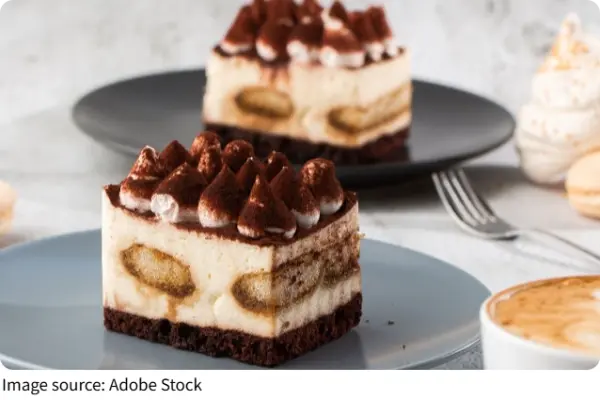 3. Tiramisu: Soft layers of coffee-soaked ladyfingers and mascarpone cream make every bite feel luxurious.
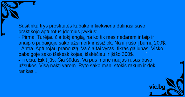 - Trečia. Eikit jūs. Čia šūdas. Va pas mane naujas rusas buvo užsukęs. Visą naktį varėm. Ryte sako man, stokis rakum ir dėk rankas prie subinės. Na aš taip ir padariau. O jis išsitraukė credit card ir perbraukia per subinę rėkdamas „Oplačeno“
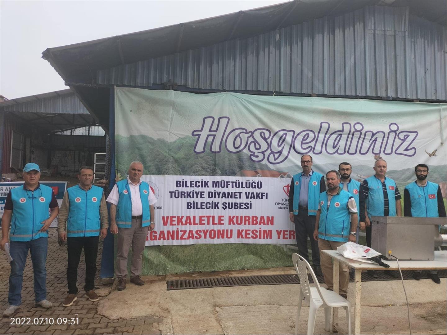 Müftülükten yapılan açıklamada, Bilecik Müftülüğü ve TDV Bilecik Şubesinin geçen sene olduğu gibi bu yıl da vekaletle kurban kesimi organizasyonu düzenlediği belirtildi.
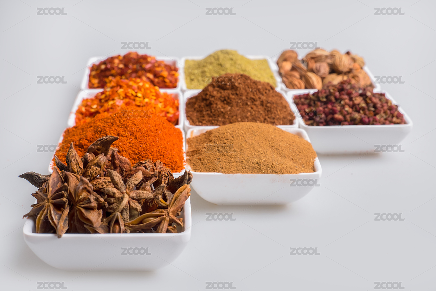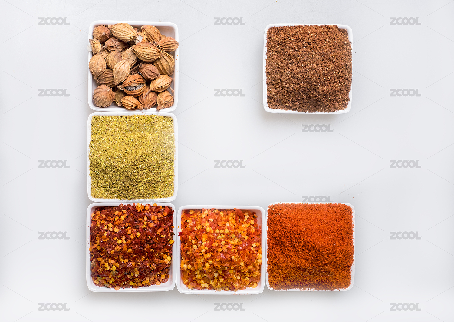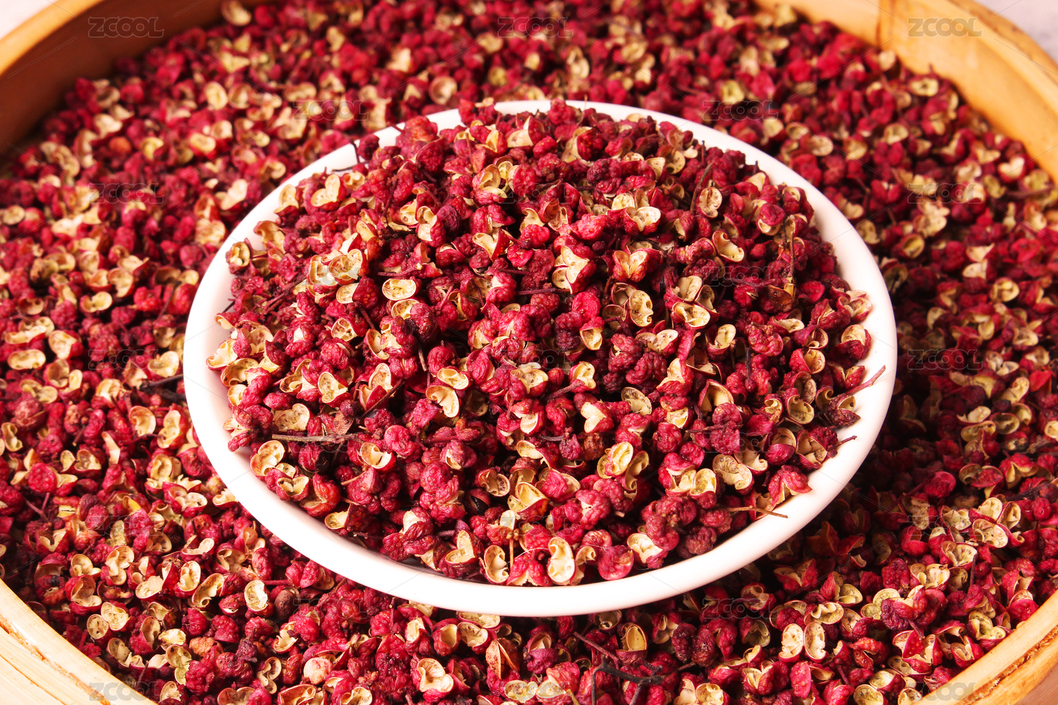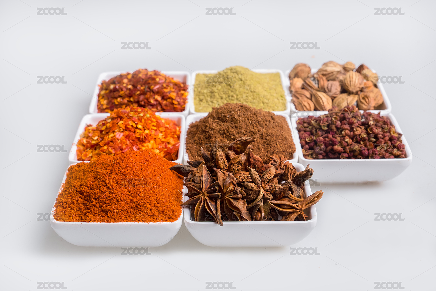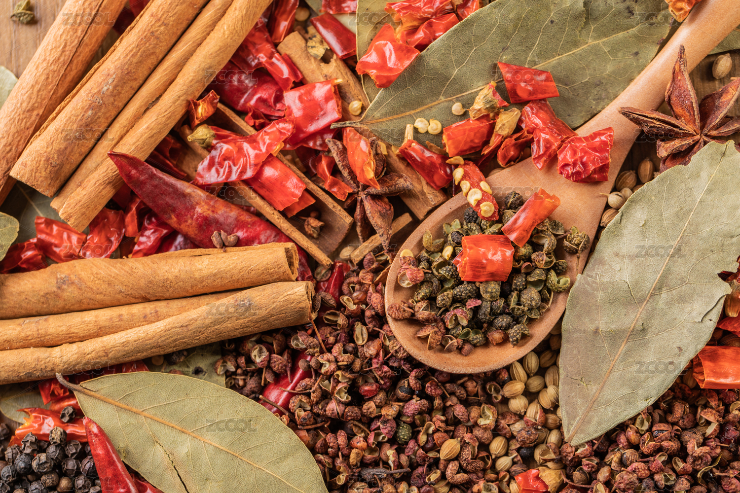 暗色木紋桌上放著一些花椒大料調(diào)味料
#####
The full listing, reproduced exactly and without pictures, is the expected output.

__EXERCISE ANSWER__
 3. Tiramisu: Soft layers of coffee-soaked ladyfingers and mascarpone cream make every bite feel luxurious.
 - Trečia. Eikit jūs. Čia šūdas. Va pas mane naujas rusas buvo užsukęs. Visą naktį varėm. Ryte sako man, stokis rakum ir dėk rankas prie subinės. Na aš taip ir padariau. O jis išsitraukė credit card ir perbraukia per subinę rėkdamas „Oplačeno“
 Müftülükten yapılan açıklamada, Bilecik Müftülüğü ve TDV Bilecik Şubesinin geçen sene olduğu gibi bu yıl da vekaletle kurban kesimi organizasyonu düzenlediği belirtildi.
 暗色木紋桌上放著一些花椒大料調(diào)味料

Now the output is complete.